The Wrattonbully wine region lies over several ranges in the area surrounding Naracoorte, including the Naracoorte Range (also known as the Kanawinka escarpment).

Wrattonbully is a cavelands region of ancient World Heritage-listed geology, which in more recent times has been chosen to establish a wine region due to its outstanding viticultural attributes like the Terra Rossa over Limestone soils and gently sloping sites creating varied aspect with altitude. A network of limestone caves, notably the Naracoorte Caves National Park situated in the heart of Wrattonbully, contribute significantly to the soil profiles and viticultural practices of the vineyards and the resultant quality of the region's wines.

Wrattonbully's climate is influenced by the Bonney Upwelling, a reliable ocean current of frigid water that swells to the surface each year during Wrattonbully's ripening period, providing for cooling night temperatures that help to create high quality wine grapes. Coupled with the slightly warmer daytime temperatures that Wrattonbully receives, relative to Coonawarra, it can have a wider diurnal temperature swing during the ripening period.

The first vines for winegrapes were planted in the late 1960s; however it was in the 1990s, after the test of time, that the excellent soils and elevated sites attracted many winemakers from surrounding areas to then plant most of the region's vineyards to varieties that had become proven performers like Cabernet Sauvignon, Shiraz, Chardonnay and Merlot.
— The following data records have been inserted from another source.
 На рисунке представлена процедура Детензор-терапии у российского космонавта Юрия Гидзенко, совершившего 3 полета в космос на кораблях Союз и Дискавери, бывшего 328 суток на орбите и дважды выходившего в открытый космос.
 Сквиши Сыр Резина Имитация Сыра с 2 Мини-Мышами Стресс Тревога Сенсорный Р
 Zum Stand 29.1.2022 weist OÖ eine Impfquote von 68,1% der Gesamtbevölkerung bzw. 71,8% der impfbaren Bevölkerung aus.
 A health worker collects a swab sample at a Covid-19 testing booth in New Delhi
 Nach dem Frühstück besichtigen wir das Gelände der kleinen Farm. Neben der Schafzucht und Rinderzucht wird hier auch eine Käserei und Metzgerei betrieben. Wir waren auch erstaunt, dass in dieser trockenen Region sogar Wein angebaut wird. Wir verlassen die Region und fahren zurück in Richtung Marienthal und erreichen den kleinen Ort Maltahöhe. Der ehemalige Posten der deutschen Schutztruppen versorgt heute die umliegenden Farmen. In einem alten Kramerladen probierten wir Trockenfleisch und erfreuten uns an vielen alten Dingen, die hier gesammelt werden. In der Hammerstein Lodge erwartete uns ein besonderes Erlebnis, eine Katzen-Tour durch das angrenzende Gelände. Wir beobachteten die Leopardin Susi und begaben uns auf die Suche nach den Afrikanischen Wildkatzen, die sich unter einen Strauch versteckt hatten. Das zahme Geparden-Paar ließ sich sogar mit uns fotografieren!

Given that these 1990s plantings, with their modern viticultural standards for high quality wine grape production, are now reaching their maturity, Wrattonbully wine region is starting to realise its potential.
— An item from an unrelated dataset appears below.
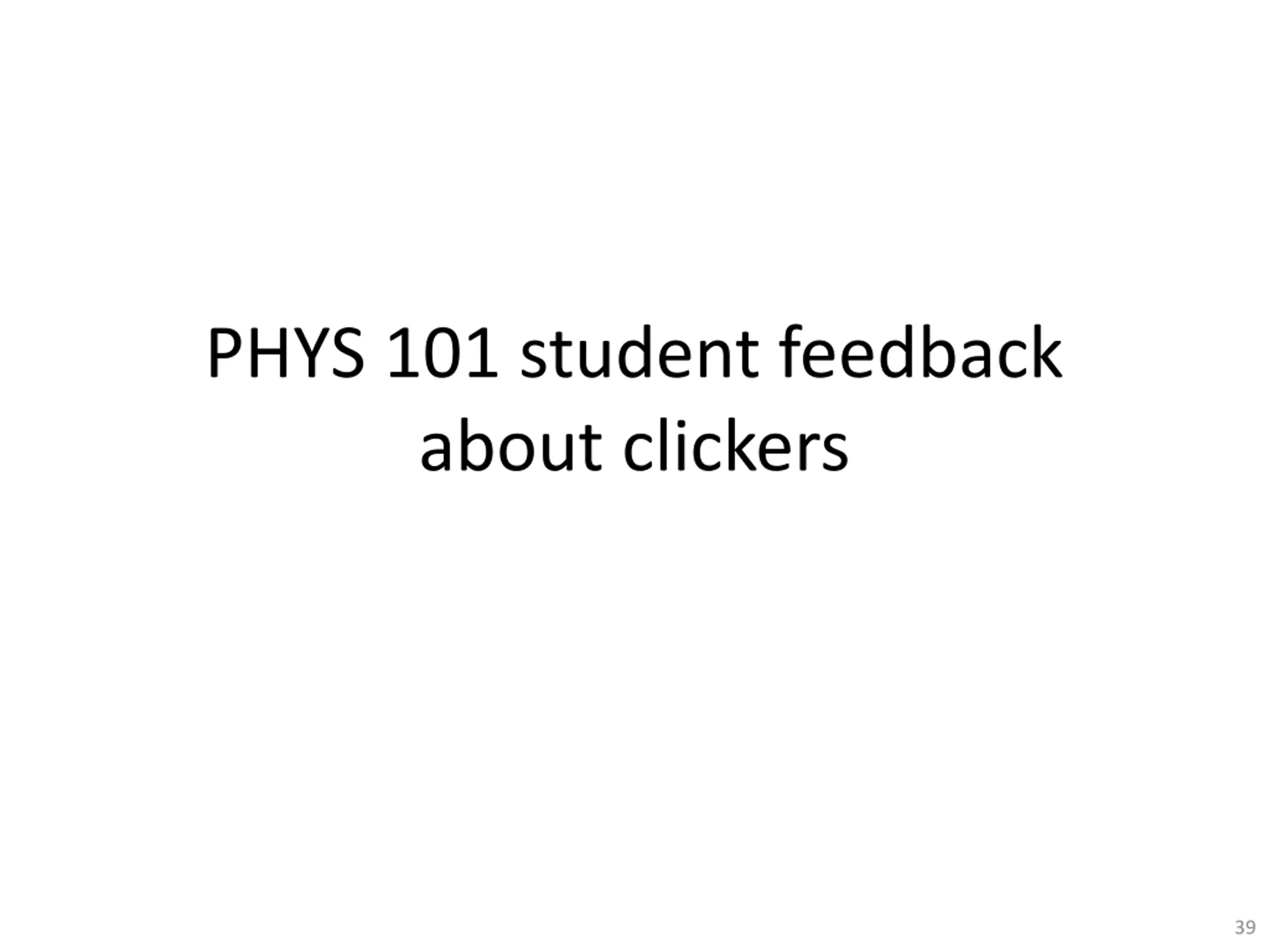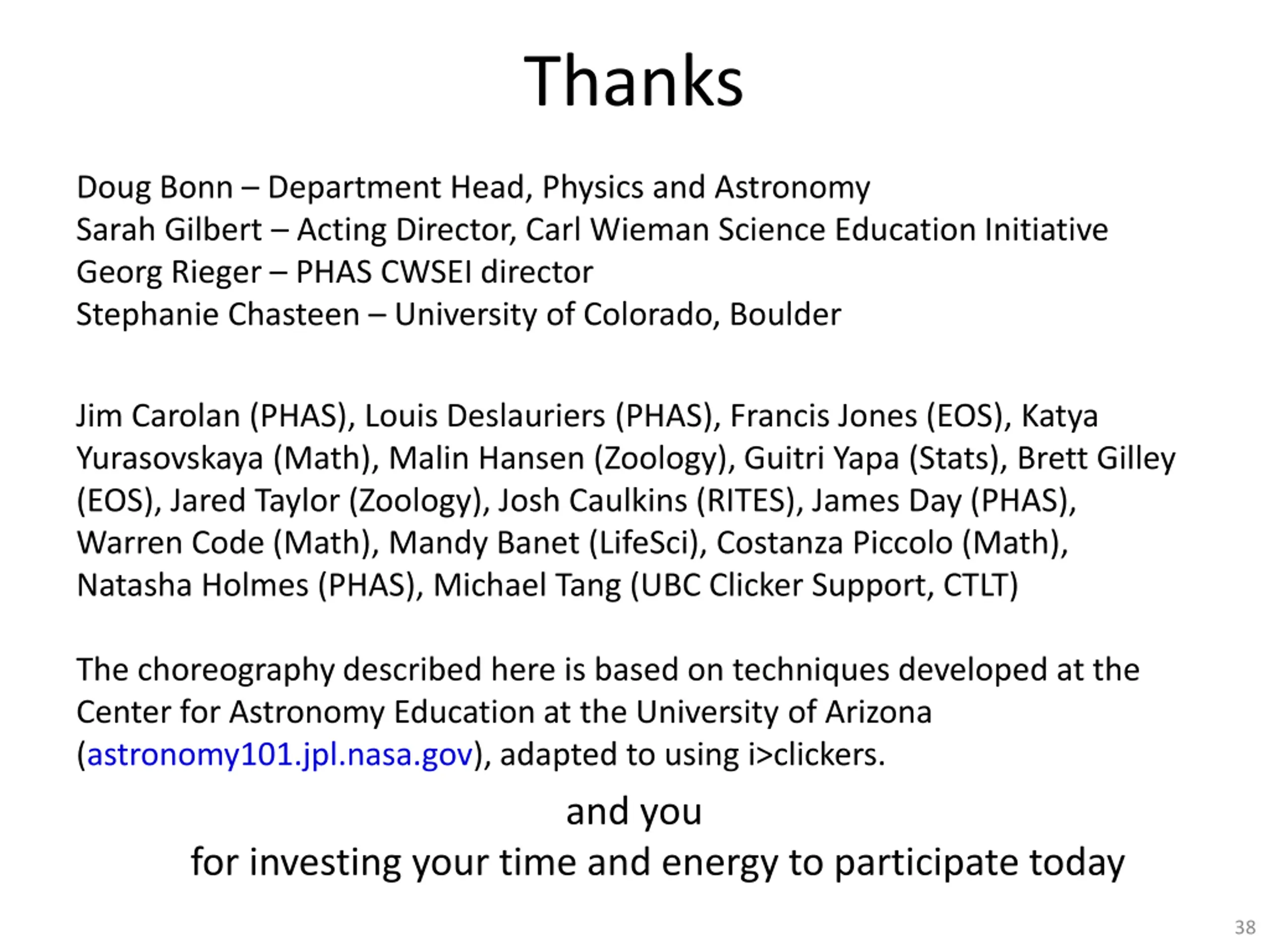 Thanks Doug Bonn Department Head, Physics and Astronomy Sarah Gilbert Acting Director, Carl Wieman Science Education Initiative Georg Rieger PHAS CWSEI director Stephanie Chasteen University of Colorado, Boulder Jim Carolan (PHAS), Louis Deslauriers (PHAS), Francis Jones (EOS), Katya Yurasovskaya (Math), Malin Hansen (Zoology), Guitri Yapa (Stats), Brett Gilley (EOS), Jared Taylor (Zoology), Josh Caulkins (RITES), James Day (PHAS), Warren Code (Math), Mandy Banet (LifeSci), Costanza Piccolo (Math), Natasha Holmes (PHAS), Michael Tang (UBC Clicker Support, CTLT) The choreography described here is based on techniques developed at the Center for Astronomy Education at the University of Arizona (astronomy101.jpl.nasa.gov), adapted to using i>clickers. and you for investing your time and energy to participate today 38

The region now draws attention from winemakers and wine connoisseurs who appreciate the region's wines for their quality, balance, tannic structure and cellarability. Cabernet Sauvignon, Shiraz, Chardonnay and Merlot are the main varieties grown, and Wrattonbully wines of these varieties are highly regarded for their complexity and elegance. More recently, the cool climate of the Wrattonbully wine region is attracting more recent experimental plantings of other varieties, like Malbec.

==See also==
- South Australian wine

==Citations and references==

===References===
- Longbottom, Mardi; Maschmedt, David and Pichler, Markus (2011). "Unearthing viticulture in the Limestone Coast"
- Phylloxera and Grape Industry Board of SA (PGIBSA). "Australian regional winegrape crush survey online"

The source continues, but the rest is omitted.